To do: Output the entries exactly. Start at the first line, finish with the line containing "Трансформатор розжига Brahma", and omit the pictures.

··· Data ···

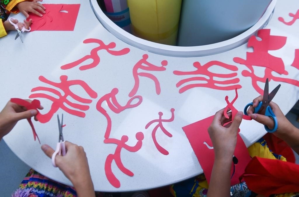 9月13日,孩子們在老師的帶領下創(chuàng)作亞運會運動項目的主題剪紙作品。新華社記者 徐昱 攝
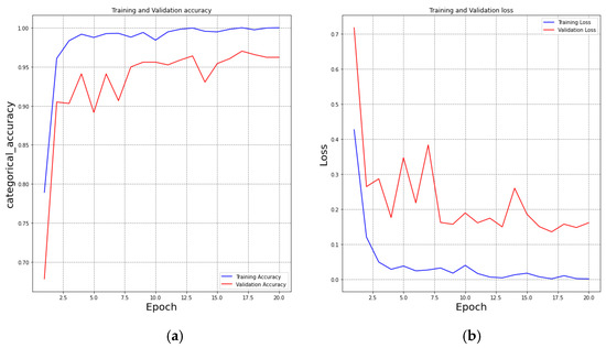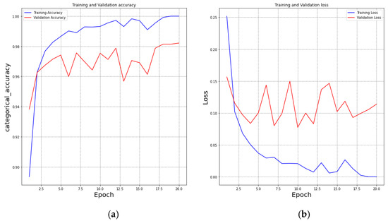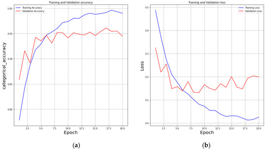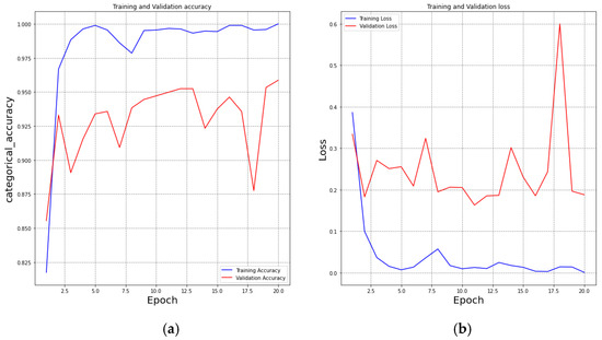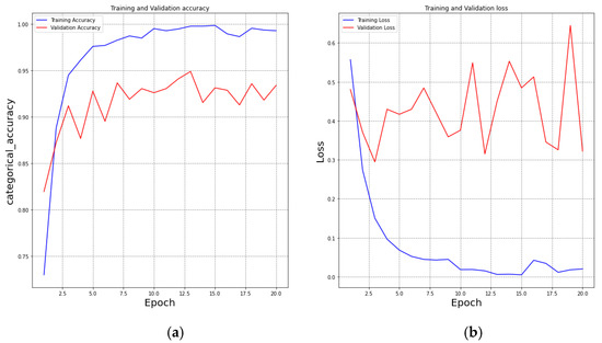 MobileNetV2; (a) training and validation accuracy; (b) training and validation loss.
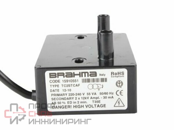 Трансформатор розжига Brahma TC2STCAF служит для получения высоковольтной поджигающей искры за счет повышения напряжения в высокое напряжение. Применяется для оснащения газовых и жидкотопливных горелок, тепловых пушек, подходит для бытовых и промышленных систем.
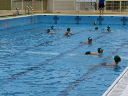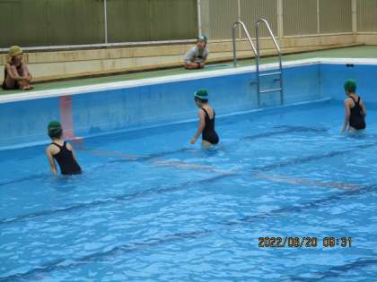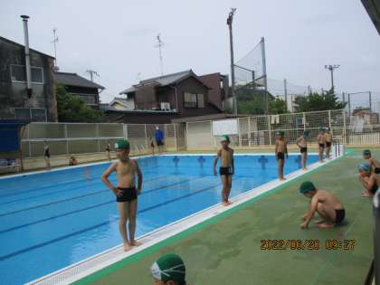 先週は2回ともがまんしたプール。今日はようやく子ども達の笑顔が満開でした。今日の水慣れは2本立てでまずは,いろいろな動物になって水の中を歩きました。犬・わに・あひる・カンガルー・ぞう・かえる・・・・という具合にどんどん変身していきました。そのあとはお楽しみの宝物ひろい。1個拾うごとにプールサイドまで置きにいって,また次の1個をさがしにいくようにしたので,どの子も水の中でしっかりと歩き回ることができていました。あっという間に終わりの時間になり,子ども達は名残惜しそうでした。次回は水中に少しずつもぐっていく予定です。
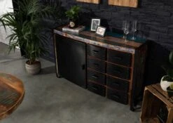 Credenza In Legno Di Legno Riciclato 143x43x90 Multicolore Laccato INDUSTRIAL #102
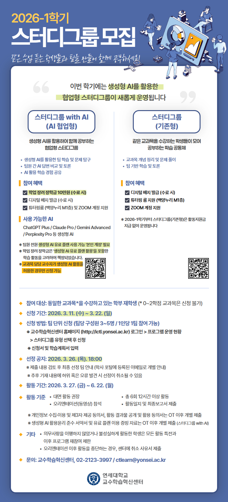 1. 스터디그룹 with AI (AI 협업형): https://ictl.yonsei.ac.kr/ko/learning/S_apply/view/324
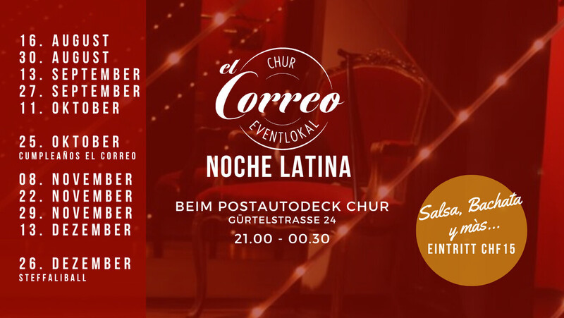 Der Latin-Tanzabend in Chur. Die beliebte Noche Latina im El Correo Chur am Postautodeck. Jeden 2. Freitag im Monat legen DJ's aus Chur, Zürich, Liechtenstein oder Deutschland auf. Tanzen zu heissen Rhytmen und den Tanzboden zum glühen bringen. Und wem es zu heiss wird, der kann sich an der Bar mit einem kühlen Drink abkühlen. Ab CHF 15.00 https://www.elcorreo.ch
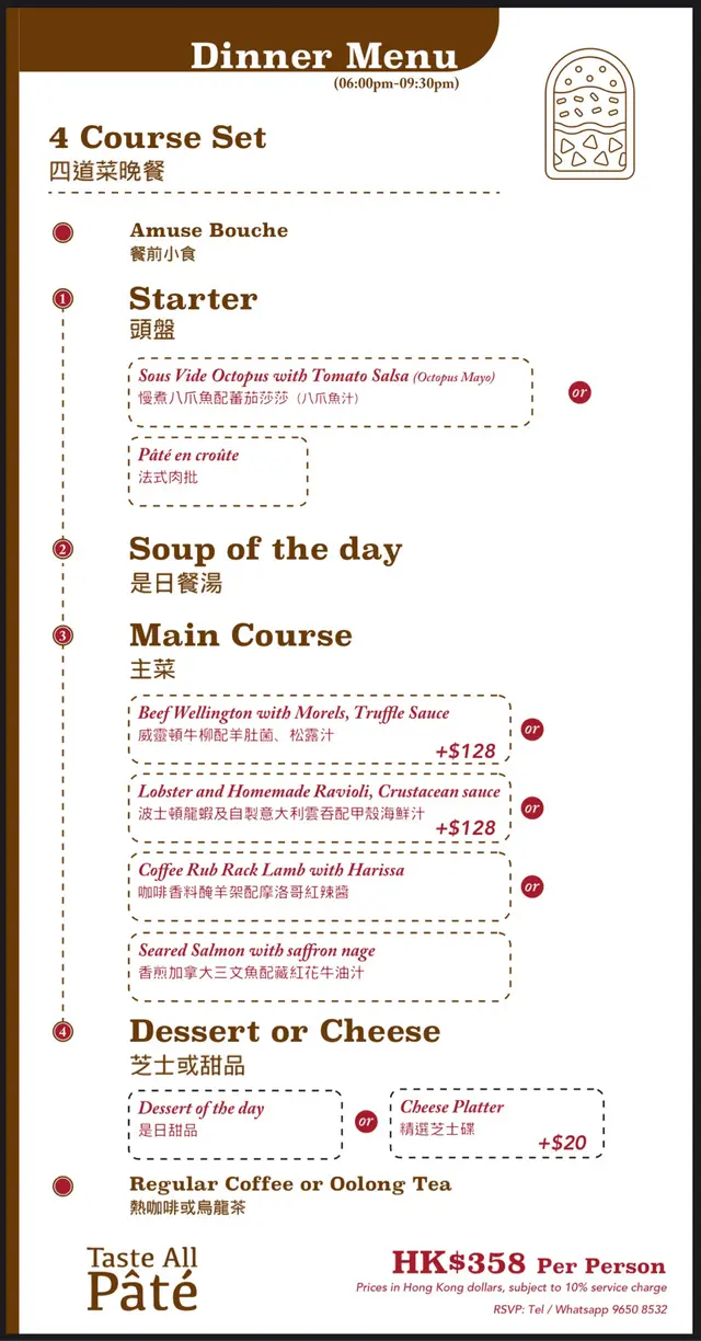 今晚終於試到佢嘅set dinner, 款款都好好味,最有驚喜嘅係佢嘅蘑菇湯、慢煮八爪魚🐙Salsa同埋個奶凍。蘑菇湯超香又夠濃,個慢煮八爪魚淋身得嚟有咬口,完全唔痴牙,仲要個sauce調得好香口,奶凍好夠凍仲有好香vanilla味,仲好味過食雪糕🍦!至於两個主菜都非常出色,威靈頓牛扒個酥皮香得嚟夠鬆化,牛扒煮得啱啱好好夠淋。羊架完全冇羶味,油脂分布均勻,仲要配菜有冰菜好特別!仲有餐廳嘅服務都非常好👍🏻值得encore!…查看更多

···

Solution:
 9月13日,孩子們在老師的帶領下創(chuàng)作亞運會運動項目的主題剪紙作品。新華社記者 徐昱 攝
 MobileNetV2; (a) training and validation accuracy; (b) training and validation loss.
 Трансформатор розжига Brahma TC2STCAF служит для получения высоковольтной поджигающей искры за счет повышения напряжения в высокое напряжение. Применяется для оснащения газовых и жидкотопливных горелок, тепловых пушек, подходит для бытовых и промышленных систем.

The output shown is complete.